First and foremost, what gives flowers their colours? Colours mainly come from the presence of pigments in the chromoplasts or cell vacuoles of floral tissues.  The most common pigments in flowers come in the form of anthocyanins which range in colour from white to red to blue to yellow to purple and to even black and brown. The other major group are the carotenoids, which provide the yellow colours, along with some oranges and reds. While many flowers get their colours from either anthocyanins or carotenoids, there are some that can get their colours from a combination of the two. Other classes of pigments, but of less importance in relation to flower pigmentation, are chlorophylls (greens), quinones (occasional reds and yellows), and betalain alkaloids (giving yellow, red and purple). 

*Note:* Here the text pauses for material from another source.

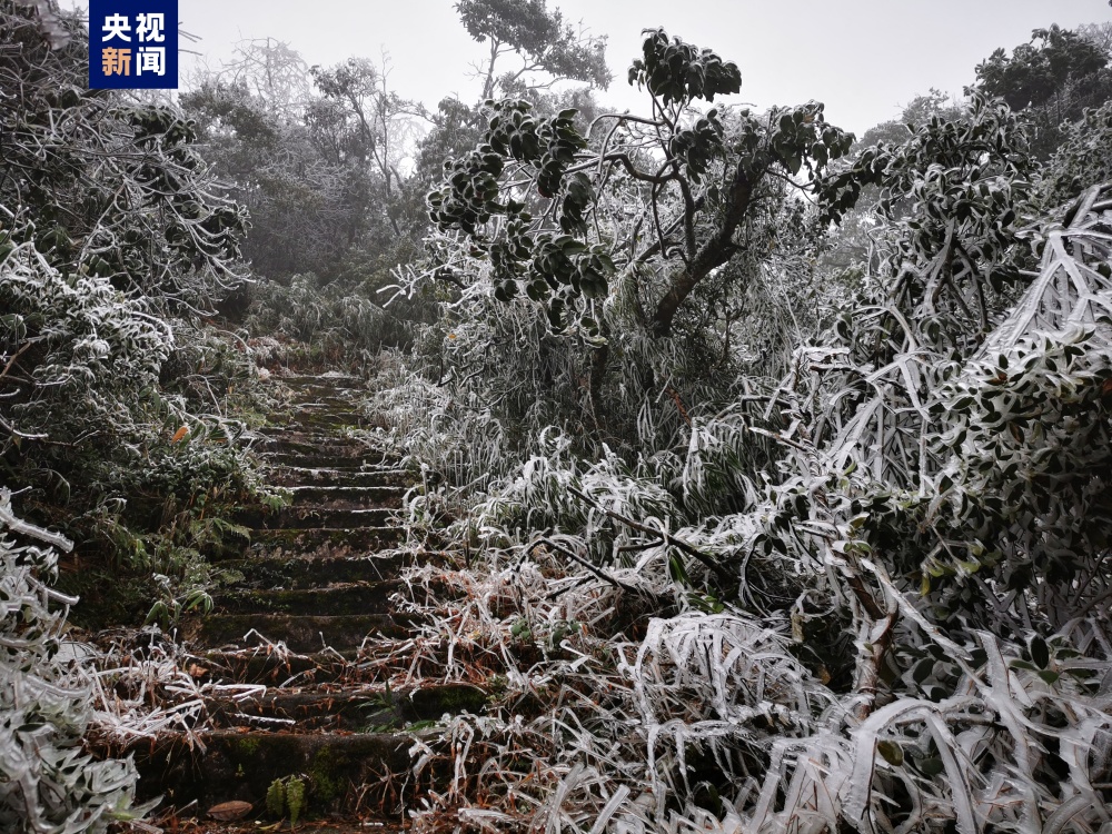 受天氣影響,廣西大明山半山腰出現(xiàn)道路結(jié)冰的情況,請(qǐng)廣大游客注意安全。
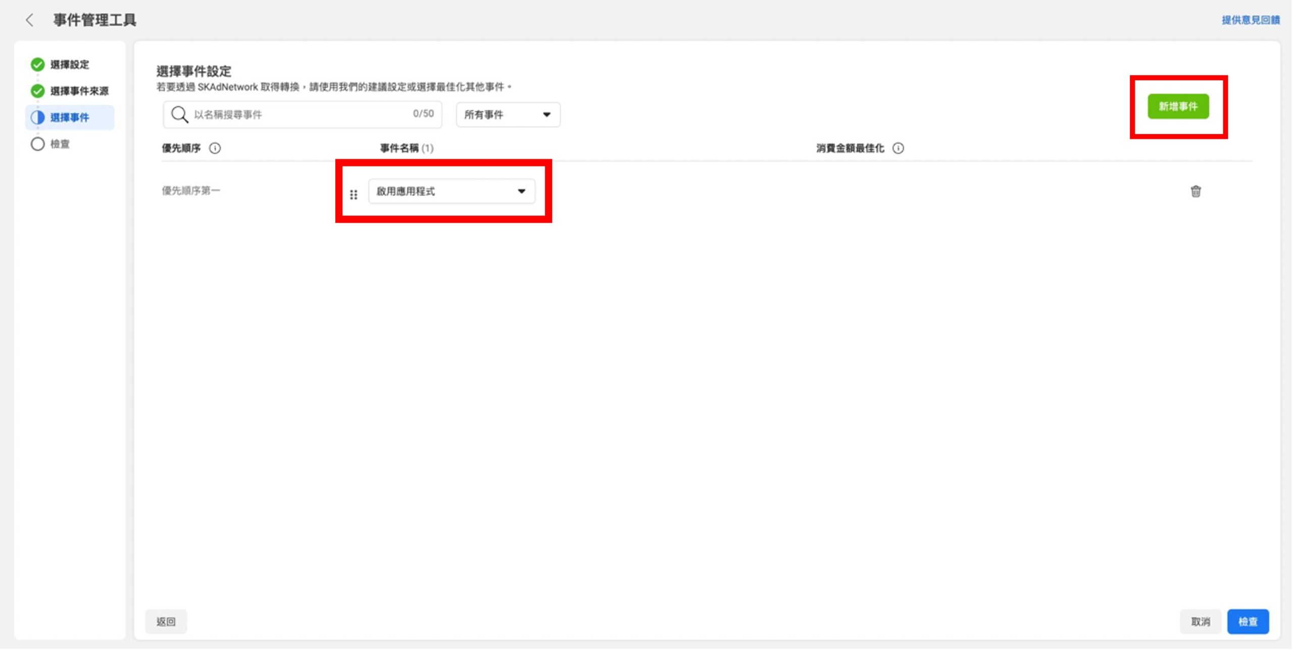 III.即可新增/選擇要衡量的事件並進行排序,最後再進行檢查。

Coming back to which is the most common flower colour, all my web- searching only told me that there was no definitive answer! To begin with, we don’t even know how many flowering plants there are. And of the flowers we know and have catalogued, colour data are seldom maintained. There is no repository of flower colour information. There is no database which documents flower colours, let alone rank them.

There are many good reasons that make it difficult to document these colours. There is no absolute measure. Colours look different in different lights, at different times of the day. Each person perceives colour differently—what looks orange to me look yellow to you. And we all describe them differently—I may say violet for a colour and you may say mauve.

Moreover, colours vary from genus to genus, and even within a species. A plant growing in one area (say, the plains) can have flowers  that are very different from the same plant growing elsewhere (say in higher altitudes). The colours of flowers depend very much on the growing conditions—soil, sunlight etc. So they may change somewhat with season too.

Recent research suggests that factors like ozone depletion and global warming have caused flowers to change their colours over time. For instance, of the 42 species studied in that research, UV-pigmentation in flowers increased at a rate of 2% per year from 1941 to 2017.

lantana
Lantana is one of the flowers which changes colour on pollination

Flowers also use colours as signalling mechanisms. Some flowers change their colour once they are pollinated, so that bees do not come back to them, but rather go to unpollinated flowers. (Eminent teacher, Prof. Mohan Ram, who developed a generation of botanists, ecologists and environmentalists, taught us this during a memorable nature walk.) Some flowers change their colour with age.

But here are some speculations about flower colours:

Counter-intuitively, some people believe green may actually be the most common flower colour–many plants, including most trees, bear flowers in various shades of green. This may be followed by white, yellow, blue and the reds in that order.  Brown is not uncommon either. But all scientists and naturalists emphasize that these are only guesses.

So don’t worry too much about how many. Just enjoy the flowers and their colours!